-- Opening Marker --
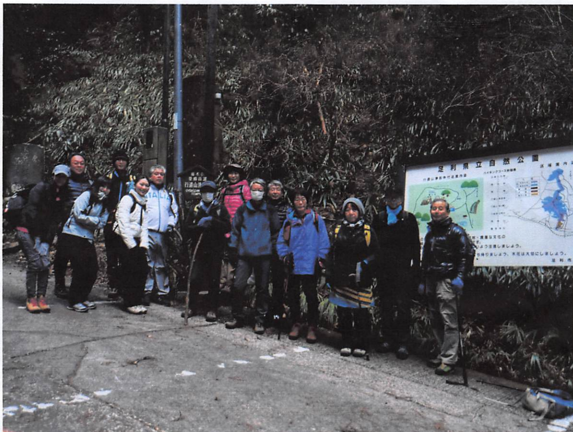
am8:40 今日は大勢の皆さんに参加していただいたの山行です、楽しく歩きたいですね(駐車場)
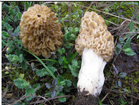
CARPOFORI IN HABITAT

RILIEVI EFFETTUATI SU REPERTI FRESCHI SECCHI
-- Closing Marker --
-- Opening Marker --
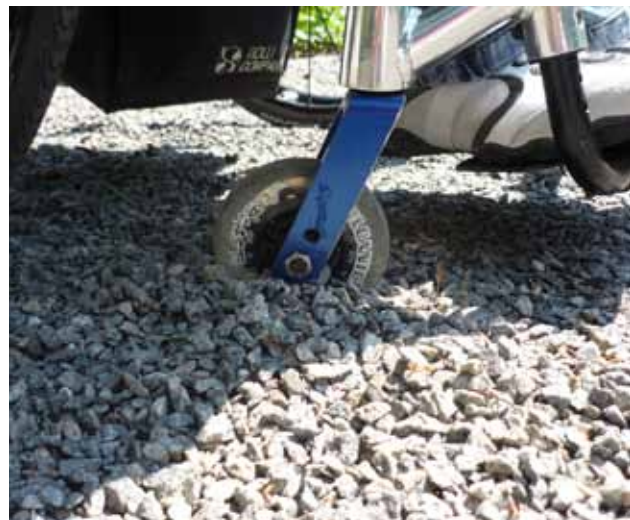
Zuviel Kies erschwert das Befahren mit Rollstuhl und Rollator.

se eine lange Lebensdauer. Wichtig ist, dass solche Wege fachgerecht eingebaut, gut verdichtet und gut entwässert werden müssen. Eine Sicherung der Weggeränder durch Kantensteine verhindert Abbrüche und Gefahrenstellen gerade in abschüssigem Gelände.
-- Closing Marker --
TASK GOAL
Starting with the line that holds "CARPOFORI IN HABITAT" and ending with the line that holds "RILIEVI EFFETTUATI SU REPERTI FRESCHI SECCHI", retype every line in the data above exactly, and nothing else.

WRITTEN RESPONSE
CARPOFORI IN HABITAT

RILIEVI EFFETTUATI SU REPERTI FRESCHI SECCHI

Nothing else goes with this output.